[DATA UNDER STUDY Boundary: Start]
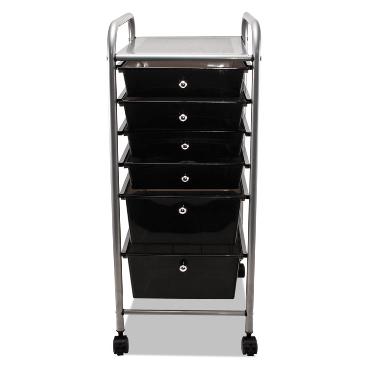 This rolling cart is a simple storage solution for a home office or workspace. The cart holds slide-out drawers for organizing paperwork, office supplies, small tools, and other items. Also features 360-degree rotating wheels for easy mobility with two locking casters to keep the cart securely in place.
[DATA UNDER STUDY Boundary: End]
[DATA UNDER STUDY Boundary: Start]
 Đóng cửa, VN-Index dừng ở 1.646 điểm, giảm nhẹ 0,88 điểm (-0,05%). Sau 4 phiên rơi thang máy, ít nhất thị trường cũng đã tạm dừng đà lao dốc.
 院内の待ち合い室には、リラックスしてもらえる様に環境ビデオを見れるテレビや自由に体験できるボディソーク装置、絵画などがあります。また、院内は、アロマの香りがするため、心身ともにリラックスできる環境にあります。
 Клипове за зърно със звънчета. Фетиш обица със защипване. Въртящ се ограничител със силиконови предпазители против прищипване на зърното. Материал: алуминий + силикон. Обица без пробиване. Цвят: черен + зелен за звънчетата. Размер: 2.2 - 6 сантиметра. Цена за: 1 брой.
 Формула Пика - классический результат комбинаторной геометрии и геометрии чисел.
[DATA UNDER STUDY Boundary: End]
[DATA UNDER STUDY Boundary: Start]
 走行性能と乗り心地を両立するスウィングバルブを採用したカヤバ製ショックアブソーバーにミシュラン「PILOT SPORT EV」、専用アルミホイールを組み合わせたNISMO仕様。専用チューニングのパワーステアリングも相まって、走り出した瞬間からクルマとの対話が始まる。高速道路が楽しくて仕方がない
[DATA UNDER STUDY Boundary: End]
**HOW TO COMPLETE THIS TASK:** Looking at the data above, write out exactly the lines that start at the one containing "Đóng cửa, VN-Index" and end at the one containing "Формула Пика - классический"; include both and nothing beyond.

**RESULT OF THE EXERCISE:**
 Đóng cửa, VN-Index dừng ở 1.646 điểm, giảm nhẹ 0,88 điểm (-0,05%). Sau 4 phiên rơi thang máy, ít nhất thị trường cũng đã tạm dừng đà lao dốc.
 院内の待ち合い室には、リラックスしてもらえる様に環境ビデオを見れるテレビや自由に体験できるボディソーク装置、絵画などがあります。また、院内は、アロマの香りがするため、心身ともにリラックスできる環境にあります。
 Клипове за зърно със звънчета. Фетиш обица със защипване. Въртящ се ограничител със силиконови предпазители против прищипване на зърното. Материал: алуминий + силикон. Обица без пробиване. Цвят: черен + зелен за звънчетата. Размер: 2.2 - 6 сантиметра. Цена за: 1 брой.
 Формула Пика - классический результат комбинаторной геометрии и геометрии чисел.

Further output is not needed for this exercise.